Activity:
From the data below, return only the lines from the one with "This watercolor design" through the one with "Du har fast", exact and inclusive, with pictures left out.

------ Data

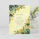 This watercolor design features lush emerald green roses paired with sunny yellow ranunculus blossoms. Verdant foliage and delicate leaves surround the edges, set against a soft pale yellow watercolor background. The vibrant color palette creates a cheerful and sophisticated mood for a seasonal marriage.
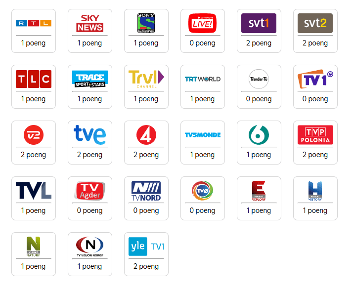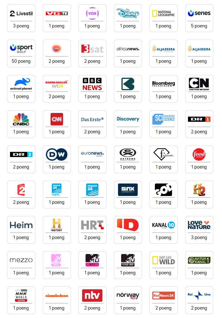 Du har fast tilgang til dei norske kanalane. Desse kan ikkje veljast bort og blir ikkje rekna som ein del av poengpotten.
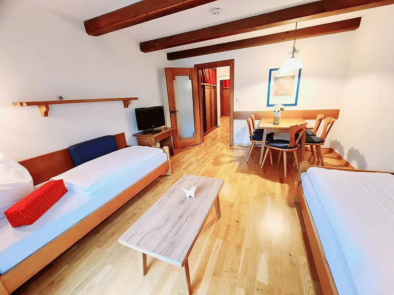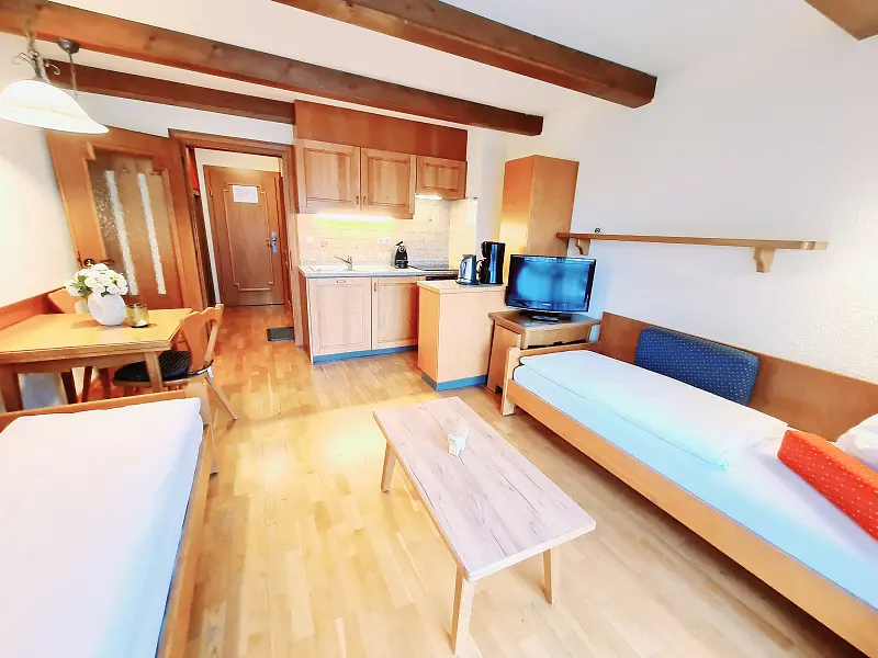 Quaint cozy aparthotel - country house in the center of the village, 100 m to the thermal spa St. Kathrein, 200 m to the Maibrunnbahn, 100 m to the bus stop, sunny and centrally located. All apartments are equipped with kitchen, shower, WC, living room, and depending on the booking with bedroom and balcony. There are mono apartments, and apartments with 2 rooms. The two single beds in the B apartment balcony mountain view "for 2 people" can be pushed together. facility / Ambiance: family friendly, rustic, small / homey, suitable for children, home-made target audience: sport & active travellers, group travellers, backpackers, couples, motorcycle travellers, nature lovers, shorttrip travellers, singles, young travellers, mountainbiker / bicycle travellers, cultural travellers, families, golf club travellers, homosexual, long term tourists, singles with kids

------------
------ Data

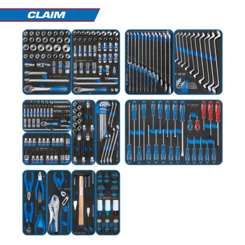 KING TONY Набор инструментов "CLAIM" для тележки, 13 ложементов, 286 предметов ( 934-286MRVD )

------------

Output for this task:
 This watercolor design features lush emerald green roses paired with sunny yellow ranunculus blossoms. Verdant foliage and delicate leaves surround the edges, set against a soft pale yellow watercolor background. The vibrant color palette creates a cheerful and sophisticated mood for a seasonal marriage.
 Du har fast tilgang til dei norske kanalane. Desse kan ikkje veljast bort og blir ikkje rekna som ein del av poengpotten.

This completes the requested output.